Closed
Bug 1072151
Opened 10 years ago
Closed 7 years ago
crash in OOM | unknown | js::CrashAtUnhandlableOOM(char const*) | js::Nursery::moveToTenured(js::gc::MinorCollectionTracer*, JSObject*)
Categories
(Core :: JavaScript: GC, defect)
Tracking
()
People
(Reporter: JasnaPaka, Unassigned)
References
Details
(Keywords: crash, topcrash, Whiteboard: [tbird crash])
Crash Data
This bug was filed from the Socorro interface and is
report bp-86285ca1-1931-4a1f-b4c7-6b2a02140924.
=============================================================
I have scrolled on Facebook. Random crash.
Comment 1•10 years ago
|
||
I reproduced the crash on Firefox 34 Beta 2 on Windows 7 32bit. Here is the crash report: https://crash-stats.mozilla.com/report/index/bp-0adaedc8-6a94-4910-b6e6-4d0b72141021.
I don't have proper STR. I had many sites opened (Facebook, Youtube, Yahoo Mail, Pinterest, Google Maps) and I was navigating between them.
In the last week 2259 crashes occured with this signature (on Windows 7).
Comment 2•10 years ago
|
||
This is the #10 topcrash in Firefox 33, and is also showing up significantly in 34.0b1. The top urls for this crash signature are for Facebook.
Crashing thread:
0 mozjs.dll js::CrashAtUnhandlableOOM(char const*) js/src/jscntxt.cpp
1 mozjs.dll js::Nursery::moveToTenured(js::gc::MinorCollectionTracer*, JSObject*) js/src/gc/Nursery.cpp
2 mozjs.dll js::Nursery::collectToFixedPoint(js::gc::MinorCollectionTracer*, js::Nursery::TenureCountCache&) js/src/gc/Nursery.cpp
3 mozjs.dll js::Nursery::collect(JSRuntime*, JS::gcreason::Reason, js::Vector<js::types::TypeObject*, 0, js::SystemAllocPolicy>*) js/src/gc/Nursery.cpp
4 mozjs.dll js::gc::GCRuntime::gcCycle(bool, __int64, js::JSGCInvocationKind, JS::gcreason::Reason) js/src/jsgc.cpp
5 mozjs.dll js::gc::GCRuntime::collect(bool, __int64, js::JSGCInvocationKind, JS::gcreason::Reason) js/src/jsgc.cpp
6 mozjs.dll RunLastDitchGC js/src/jsgc.cpp
7 mozjs.dll js::gc::ArenaLists::refillFreeList<1>(js::ThreadSafeContext*, js::gc::AllocKind) js/src/jsgc.cpp
8 mozjs.dll js::gc::AllocateNonObject<JSFatInlineString, 1>(js::ThreadSafeContext*) js/src/jsgcinlines.h
9 mozjs.dll js::ConcatStrings<1>(js::ThreadSafeContext*, JS::Handle<JSString*>, JS::Handle<JSString*>) js/src/vm/String.cpp
10 libGLESv2.dll gl::ResourceManager::getTexture(unsigned int) gfx/angle/src/libglesv2/ResourceManager.cpp
11 libGLESv2.dll gl::GetCurrentData() gfx/angle/src/libglesv2/main.cpp
12 libGLESv2.dll glActiveTexture gfx/angle/src/libglesv2/libGLESv2.cpp
13 xul.dll mozilla::WebGLContext::UnbindFakeBlackTextures() dom/canvas/WebGLContextDraw.cpp
14 xul.dll mozilla::WebGLContext::DrawElements(unsigned int, int, unsigned int, __int64) dom/canvas/WebGLContextDraw.cpp
15 xul.dll mozilla::dom::WebGLRenderingContextBinding::drawElements obj-firefox/dom/bindings/WebGLRenderingContextBinding.cpp
16 @0x52c837bf
Component: General → JavaScript: GC
Comment 3•10 years ago
|
||
Is there anything that can be done about this, Terrence?

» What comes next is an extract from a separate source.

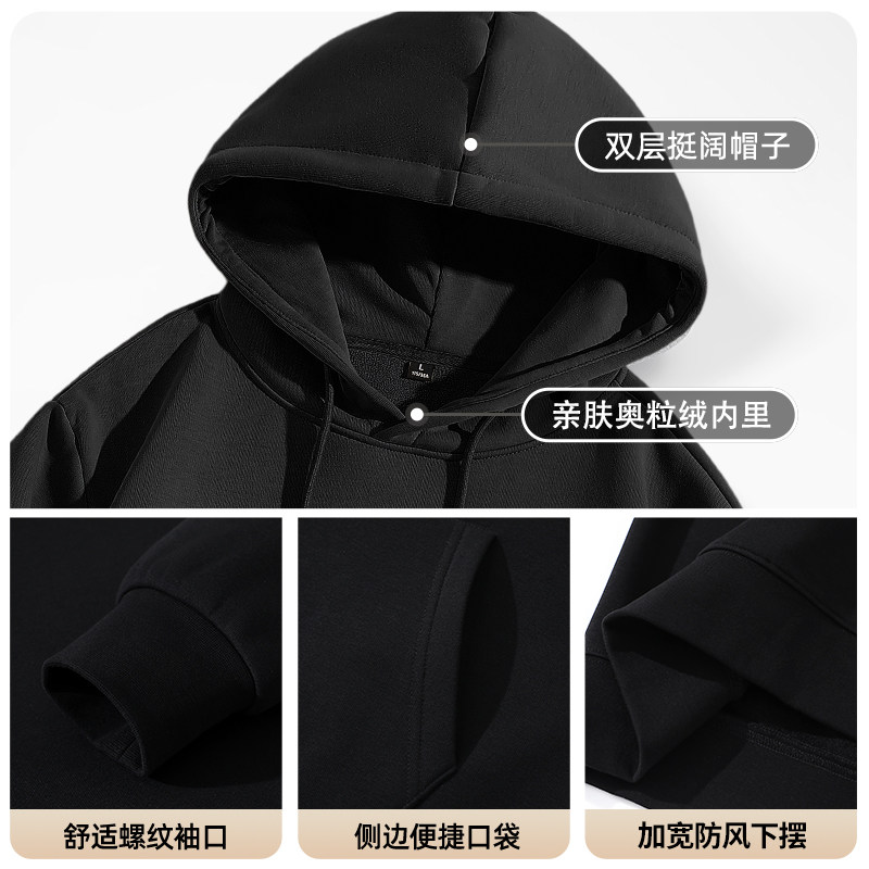 唐狮官方重磅奥利绒卫衣男款秋冬美式潮牌加绒加厚男生连帽外套YB

Flags: needinfo?(terrence)
Most of these are below 300M address space remaining, so this may just be the first thing they fail on.

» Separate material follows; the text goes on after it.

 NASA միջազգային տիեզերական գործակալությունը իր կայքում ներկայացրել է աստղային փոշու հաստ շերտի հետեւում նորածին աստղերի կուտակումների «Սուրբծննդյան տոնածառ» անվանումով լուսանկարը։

It's interesting though that there is a minority of crashes with loads of virtual and pagefile remaining: https://crash-stats.mozilla.com/search/?signature=%3DOOM+|+unknown+|+js%3A%3ACrashAtUnhandlableOOM%28char+const*%29+|+js%3A%3ANursery%3A%3AmoveToTenured%28js%3A%3Agc%3A%3AMinorCollectionTracer*%2C+JSObject*%29&available_virtual_memory=%3E1000000000&available_page_file=%3E1000000000&_facets=signature&_facets=version&_columns=date&_columns=signature&_columns=product&_columns=version&_columns=build_id&_columns=platform&_columns=available_virtual_memory
Also, any chance for a size annotation on these aborts?
Comment 5•10 years ago
|
||
Written in parallel with David's comment 4, so not taking advantage of the new data there:
We generally shouldn't be getting LastDitchGC as it indicates that our GC heap limit tripped before our malloc trigger: we really don't want this to happen ever because last-ditch GC's are non-incremental. It's probably something particular with FB's workload; it would be nice to know what part of the fast-heap-growth curve FB is in when this happens.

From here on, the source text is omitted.